Prima edizione critica in italiano e inglese degli scritti

(ANSA) - PALERMO, 06 DIC - Un sinologo e un latinista rileggono criticamente dopo tre secoli l'opera del gesuita siciliano Prospero Intorcetta che nel Seicento tradusse e divulgò per primo in Occidente il pensiero di Confucio antesignano delle culture del dialogo.
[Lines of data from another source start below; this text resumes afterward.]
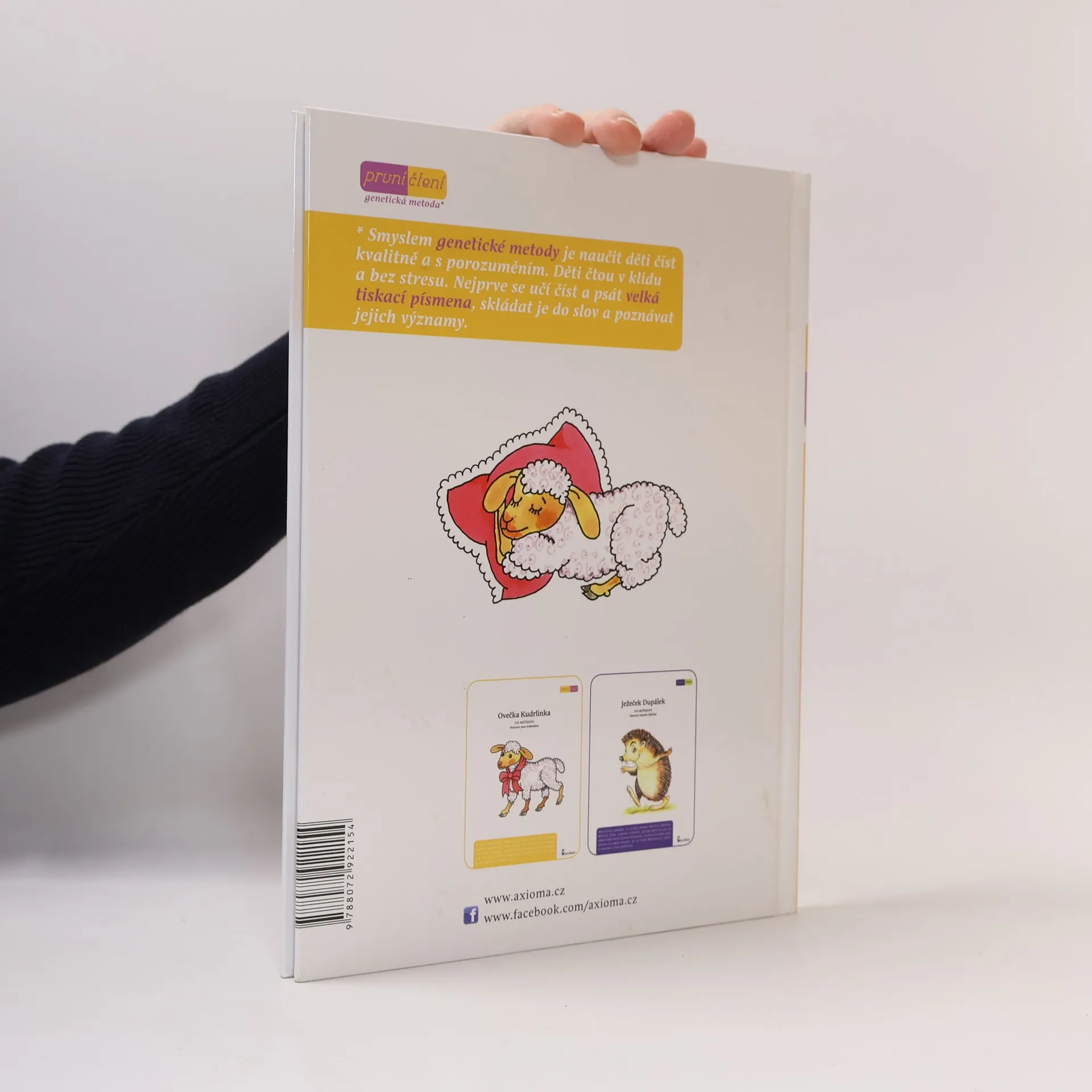Veselá dobrodružství bábrlinky a její ovečky Kudrlinky potěší všechny, kteří rádi poslouchají pohádky. Text knihy je vysázen velkými tiskacími písmeny, což je jeden z principů tzv. genetické metody, kdy se děti nejdříve učí číst a psát velká písmena, skládat je do slov a poznávat jejich významy.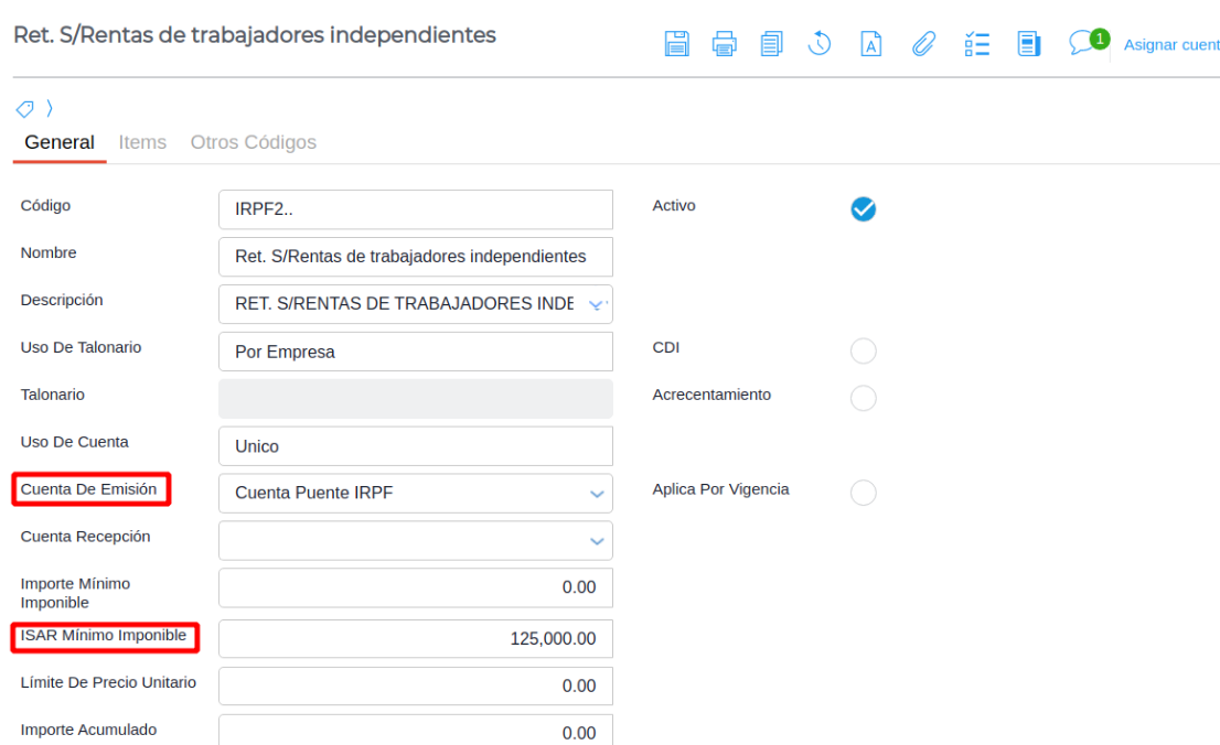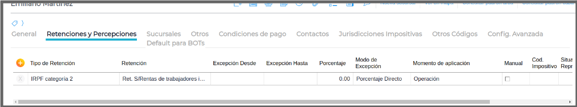 Ingresar dentro de la solapa de Contabilidad e impuestos, la retención previamente creada.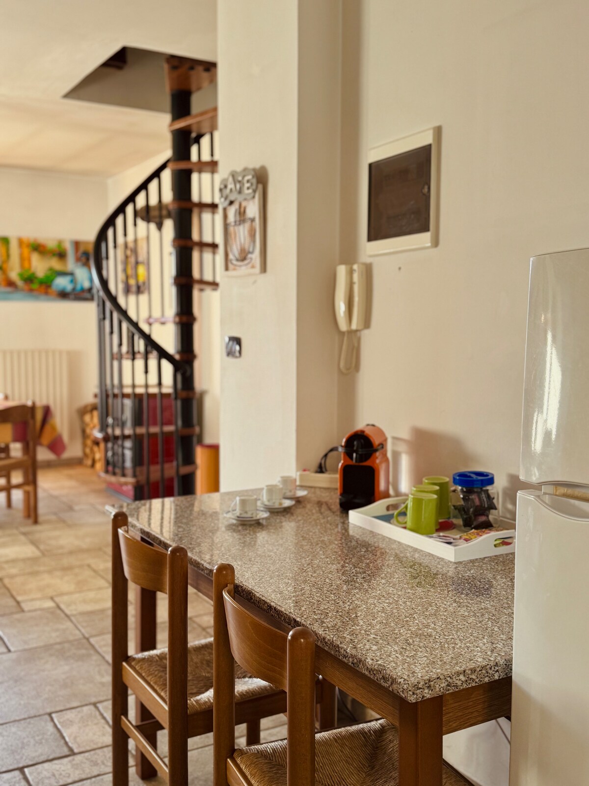 Nuestra casa, entre los árboles, vive en un apacible aislamiento a un par de kilómetros de la localidad más cercana. Somos Riccardo, Cristina, Lorenzo, Bianca y Alice. Elegimos venir aquí, al bosque, para empezar a vivir una vida sencilla pero plena, aprendiendo de la naturaleza. Les ofrecemos un ático abuhardillado renovado con esmero por Riccardo, con cama doble, sofá cama (ambos bajo lucernarios), cocina americana, baño y una amplia vista al valle.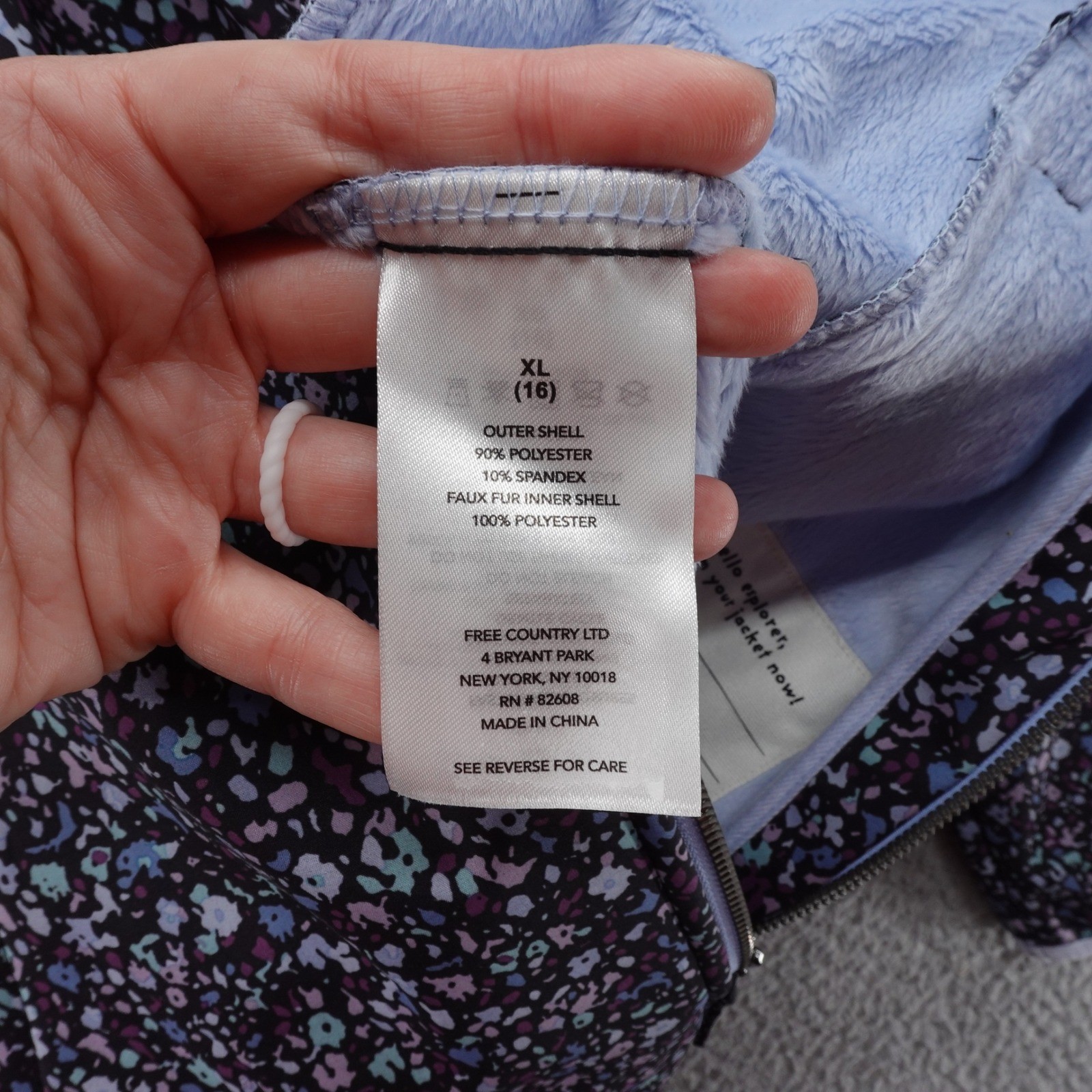 как выглядит Free Country Girls XL Floral Print Softshell Jacket Hooded Rain Wind Resistant фото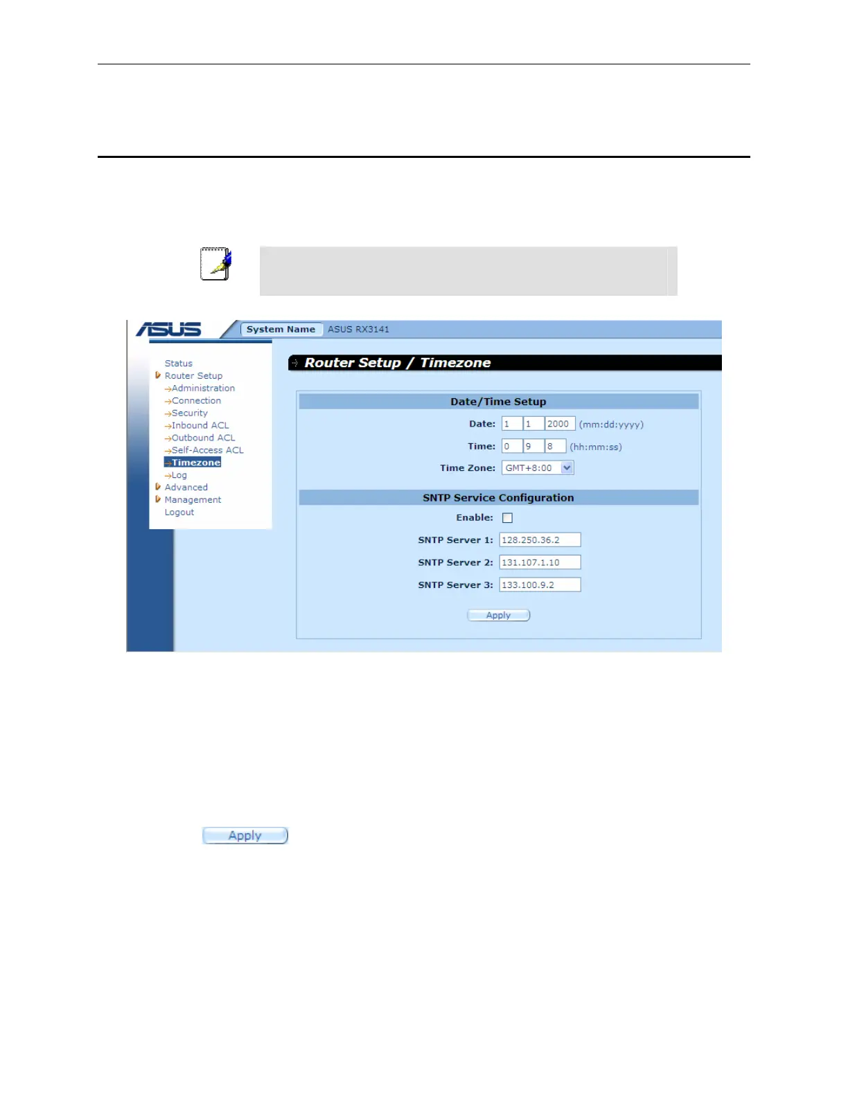 time. RX3141 allows you to configure up to three external time servers. Make sure that the “

Alessandro Tosco, che insegna lingua e letteratura cinese e dirige l'istituto Confucio presso l'Università Kore di Enna, e l'australiano Rodney Lokaj, latinista e professore di filologia italiana, hanno ripercorso gli studi di Intorcetta in un'ottica comparata. Ne hanno ricavato un volume ("Zhongyong. La costante pratica del giusto mezzo") pubblicato ora alla Fondazione Federico II. Per la prima volta è stata presentata una traduzione critica in italiano e inglese degli scritti del gesuita originario di Piazza Armerina e del testo cinese che Intorcetta pubblicò traducendolo in latino, allora la lingua usata non solo dalla Chiesa ma anche dalla cultura e dal potere politico. "Quella operazione - dice Tosco - ebbe il merito di mostrare intanto la caratura intellettuale del gesuita siciliano e di rendere più prossime l'Europa e la Cina". Prima di lui un altro gesuita sinologo, Matteo Ricci, aveva osservato il sistema filosofico confuciano ma la sua opera è arrivata incompleta. Quella di Intorcetta ha invece approfondito Confucio con una lettura che ancora oggi, dice la direttrice della Fondazione Federico II, Patrizia Monterosso, apre "nuovi interessi antropologici, religiosi, filosofici" in un contesto dove erano prevalenti il dialogo e la comprensione della cultura dell'altro. (ANSA).